A top Chinese provincial official reportedly linked to former senior party leader Zhou Yongkang has been expelled from the Communist Party, the organisation's internal investigating authority said.
Li Chuncheng was described as "morally degenerate" in a statement released by the ruling party's Central Commission for Discipline Inspection (CCDI) late Tuesday, which also said he was expelled from his "official position".
Such moves are normally a precursor to a criminal inquiry and China's public prosecutor, the Supreme People's Procuratorate, said Wednesday on its website that it had opened an investigation into Li.
The developments appear to signal a further tightening of the noose around Zhou, who as a former member of the elite Politburo Standing Committee was one of China's most powerful politicians of the past decade.
China's Communist chief Xi Jinping has been reported in various media to have given the go-ahead for a corruption investigation into Zhou, who headed the country's internal security apparatus until his retirement in 2012.
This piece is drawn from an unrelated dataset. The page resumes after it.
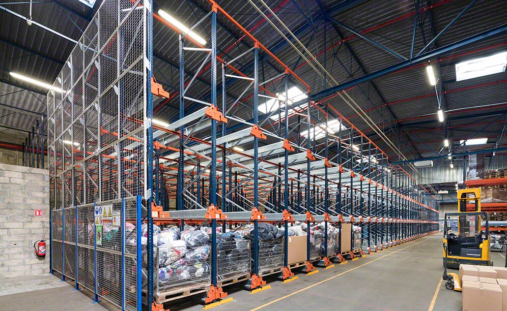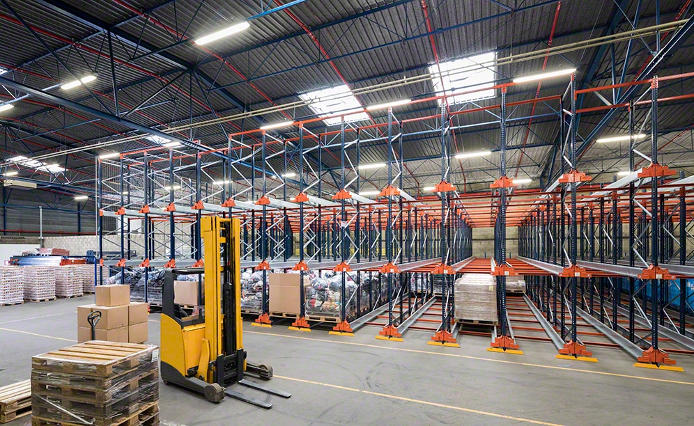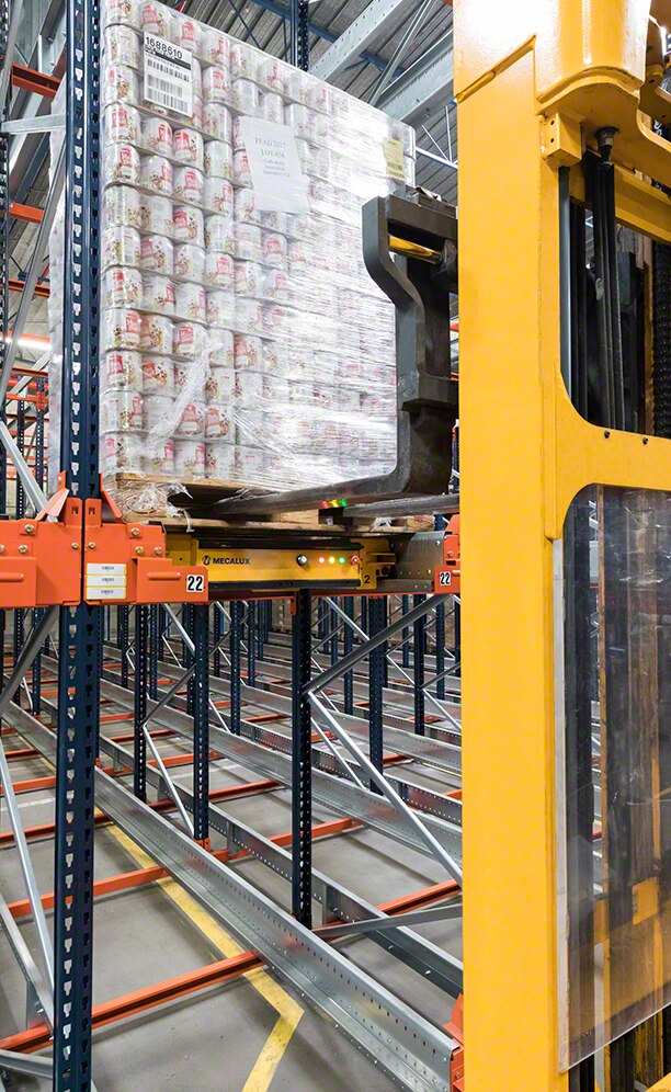 Mecalux varustas lao poolautomaatse süsteemiga suure tihedusega riiulitega. Riiulid on 6,5 m kõrged ja 62 m pikad.
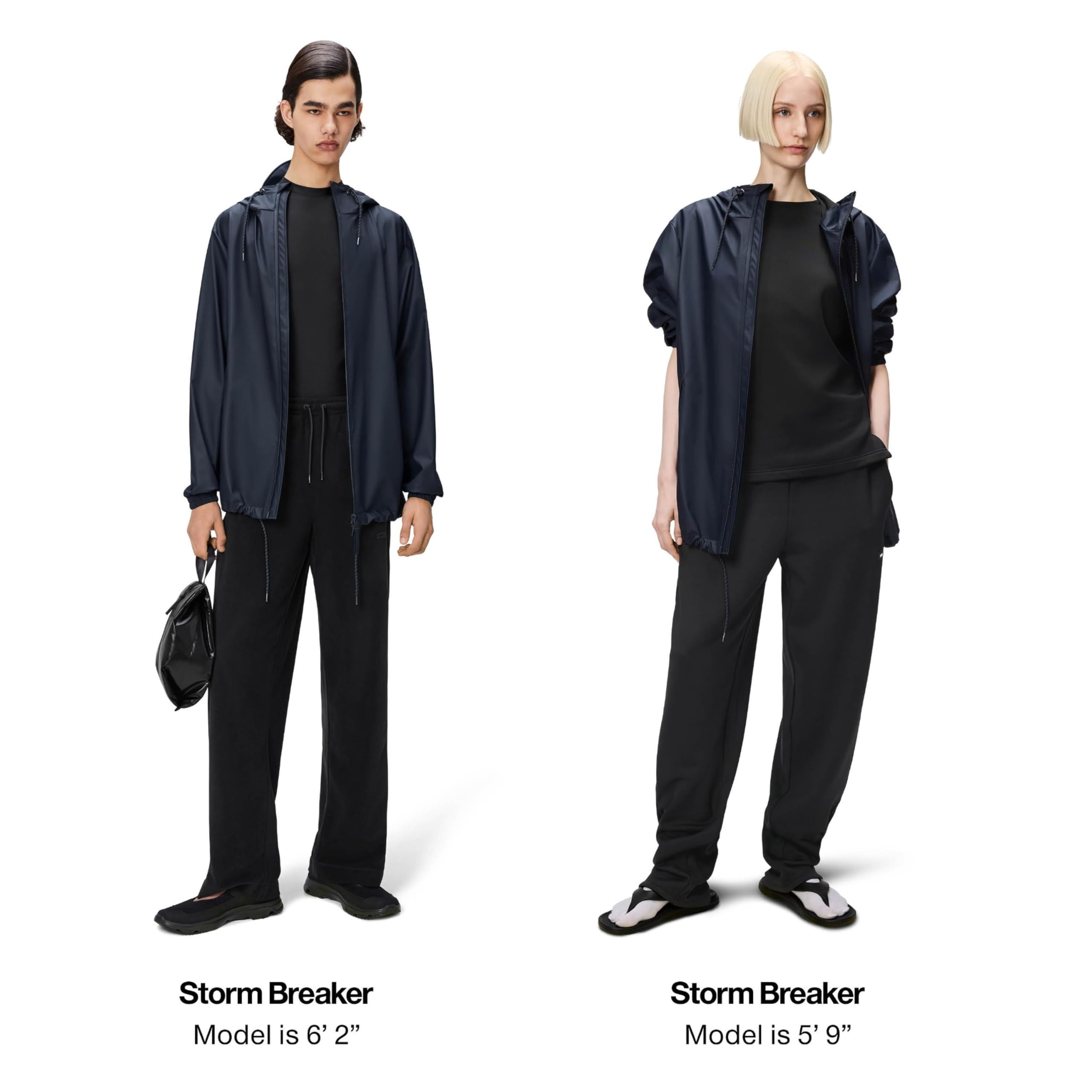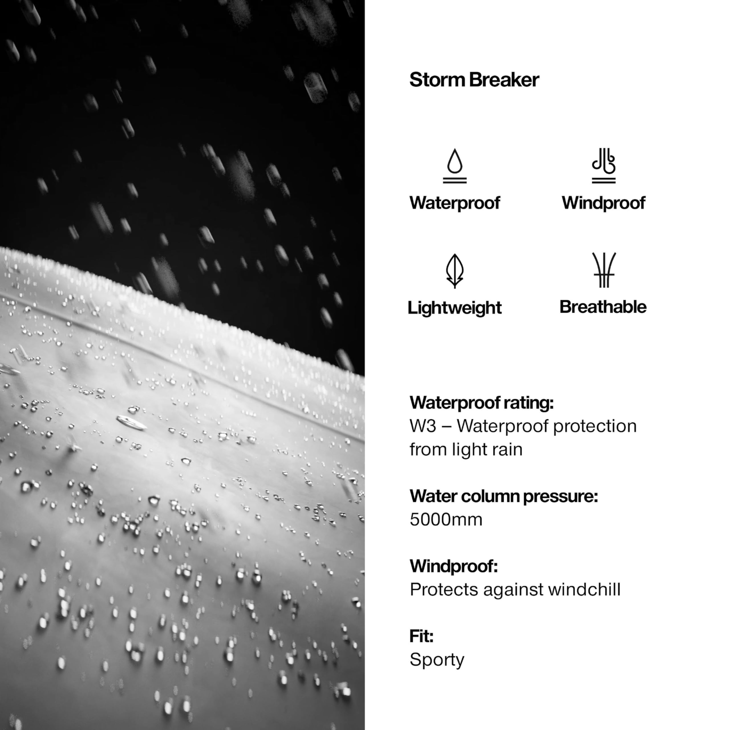 FEATURES: Storm Breaker is a unisex rain jacket with a drawstring hood and cap brim, back yoke with concealed vents, elasticated cuffs, double welded seams, adjustable part-reflective drawstring hem, eyelets in arm holes, and weather-resistant hardware.

Li was promoted to mayor of the Sichuan capital Chengdu when Zhou was party chief of the province from 1999 to 2002.
State media reported in 2012 that Li had been dismissed as Sichuan's deputy party secretary for "serious violations of discipline".
His subsequent removal from government signifies that he no longer continues to receive a salary or benefits that officials enjoy.
The CCDI statement said Li had abused his power, took a huge amount of bribes and used his position to help his brother's business prosper.
It also said he had carried out "superstitious activities", without giving details.
Communist Party authorities have been waging a much-publicised anti-graft campaign since Xi ascended to the leadership 18 months ago.
But critics say no systemic reforms have been introduced to increase transparency to help battle endemic corruption.